Она под запретом (СИ) - Салах Алайна. Страница 53
Мы проведём выходные в Екатеринбурге — так я себя успокаиваю, пока смотрю на мелькающие кадры улиц по пути в Одинцово. Нужно просто пережить этот день, а потом всё будет хорошо. Невольно тру грудь, чтобы избавиться от неприятных отголосков тревоги в ней. Это ощущение преследует меня каждый год со дня смерти мамы.
Дверь открывает Луиза и по обыкновению меня обнимает.
— Родители Дани тоже будут, — она стирает оставленный след помады с моей щеки и тут же радостно сообщает: — А я сегодня индейку впервые сама запекла.
Я сдержанно киваю. Расслабленная весёлость сестры меня коробит. Четыре года назад в этот день случилось самое ужасное, что могло произойти: я потеряла маму. Разве это повод для улыбок?

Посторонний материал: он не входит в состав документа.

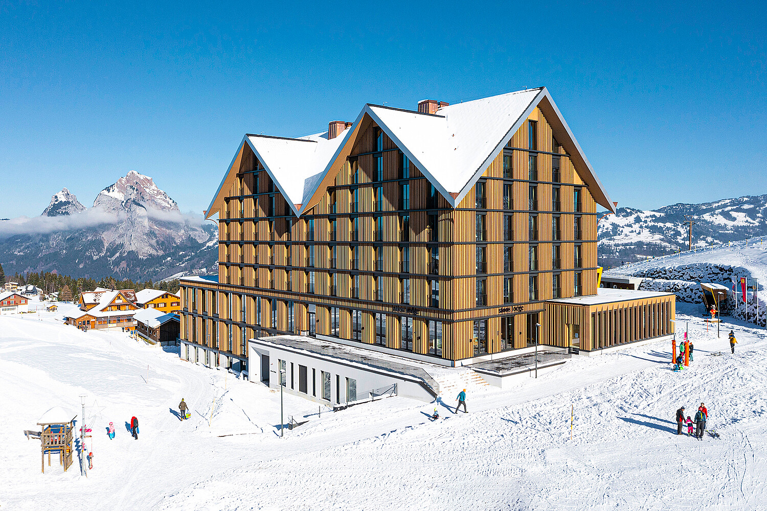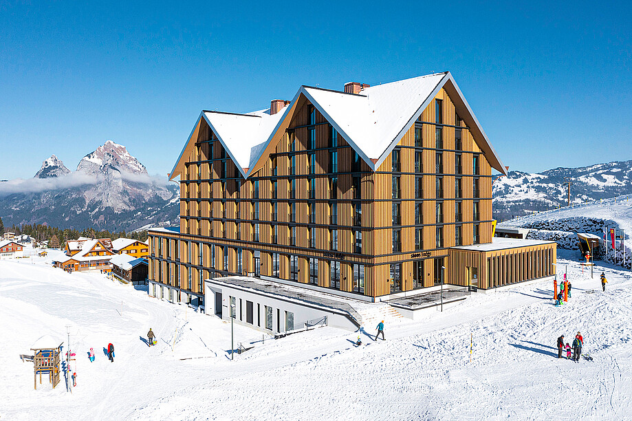 Mit dem Neubau der Standseilbahn wurde das Zentralschweizer Ausflugsziel in ein neues Licht gerückt. Das autofreie Bergdorf ist seither ein noch beliebteres Ausflugs- und Ferienziel für Familien, Wanderer und Skifahrende. Fünf Jahre nach Inbetriebnahme der Rekordbahn erhielt das Ausflugsziel eine weitere touristische Attraktion: das Designhotel Stoos Lodge. Gemeinsam mit der Bergstation verleiht es dem Dorf das neue Zentrum und erweitert das Beherbergungs- und Dienstleistungsangebot massgeblich. Rund zehn Jahre Planungs- und Bauzeit stecken hinter dem eindrücklichen Holzbau, der Mitte Dezember 2022 eröffnet wurde. Durch die oberirdischen Geschosse und die zwei teilweise hervorstehenden Untergeschosse ist die Stoos Lodge unübersehbar, seine vollständige Holzfassade – über 80 Prozent des verwendeten Holzes stammen aus dem nahen Schwyzer Wald – passt sich jedoch optimal in die Umgebung ein.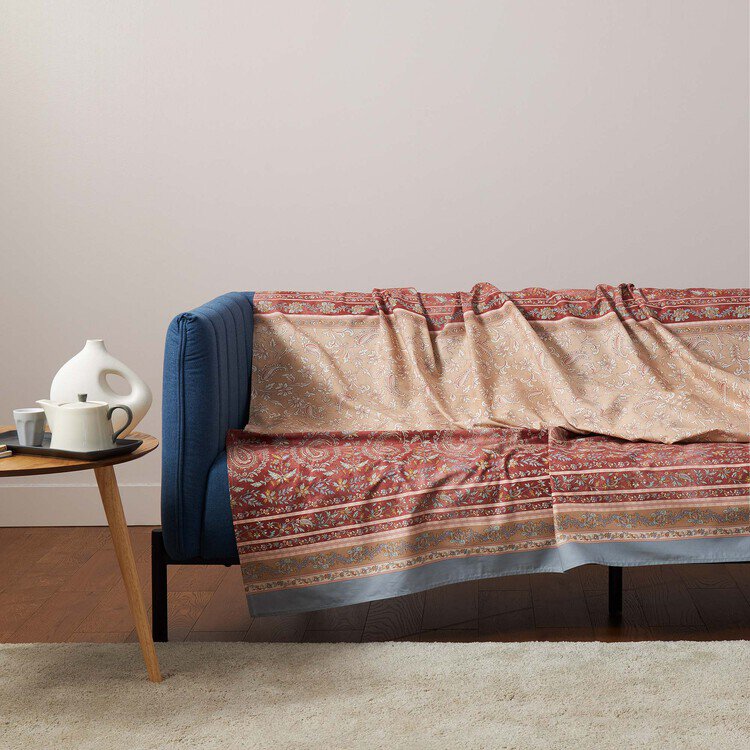 Telo d'arredo multiuso in puro cotone con stampa indanthrene per mantenere i colori inalterati nel tempo.

В гостиной за столом сидят отчим, Данил и его родители. Я по очереди приветствую их всех и кошусь на пустующий стул справа. Арсения нет. Где он? Опаздывает? Или решил совсем не приходить?
Последняя мысль вызывает во мне содрогание. Да нет, он не может так поступить. Сейчас ведь всё изменилось между нами. Мы даже вместе летим в Екатеринбург. Разве бросить меня в такой день — это по-человечески?
Первые два года после смерти мамы я прилетала в Москву на поминки. Оба раза мы собирались втроём, с отчимом и Луизой. Арсений всегда отсутствовал. Но тогда у него по крайней мере была уважительная причина: его не было в городе. А сейчас какая? Он находится в Москве.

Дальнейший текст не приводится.